Remember the war on drugs, or the war on terrorism. Pot is a gateway drug that will destroy your mind!! Extremes and distortion of the facts may be used for a better good, but fingers get pointed with chants of "liar, liar, pants on fire". Why does one think it is wrong for some causes, but allow it for others?

If all those things we heard in the 70s proved to be a load of BS, why would anyone believe it now? Which leads to the problem: people won't head the message today. If they lied then, we should they listen now?

Kyle said...

I think like that post you pointed to shows, is that we need to seperate the enviromental aspect of social discourse from any political stance. It is much easier to defend a position based on just basic care for the eniroment instead of trying to defend a social agenda with it. Calling oneself a communist then setting out social and enviromental agenda's will only get ignored.

Nathan said...

Hi Kyle,

I think you're right in that placing partisan politics in the forefront just causes unnecessary problems. In the socio-political climate we're in, people are so ramped up that everything gets lumped in political agendas, even when that isn't what it's about. You post on the Oklahoma City Bombing anniversary seemed like a reasonable call denouncing extremism from all ends, but comments a few made seemed to turn it into some political statement. I see that all the time. I can imagine you do too. This is the reality we get to practice in - maybe it's a hot enough training ground to help us burn through our own muck faster.


Nathan said...


If there are scare tactics and doomsday exaggerations in my post, I can't locate them.

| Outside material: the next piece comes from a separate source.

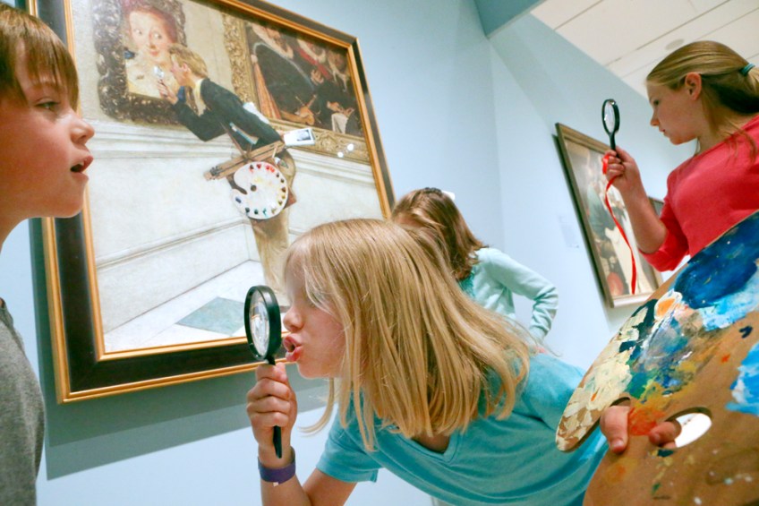 Maverick Johnston, 7, Naomi Lankford, 6, and Lydia Lankford, 10, reenact Norman Rockwell’s painting titled “Art Critic,” at the Taubman Museum on Wednesday. American Chronicles: The Art of Norman Rockwell is on exhibit at the museum until June 12. The homeschoolers from Botetourt County attend the museums children program and recreated scenes from the exhibit and even used props provided by the museum.

I grew up with those same comments about the end of the world possibly coming - I'm less than 5 years younger than you.

Wondering how closely you read my post in the first place.


Daniel @ Campinas said...

Nno, it wasn't that there were scare tactics with your post, just me saying that because of the use of scare tactics, the heart of the message gets drowned out and discounted. For example, Al Gore's recent work and statements smacks similar to those doomsayers in the 70s. And because of statements like those, the message gets ignored while discussing the details.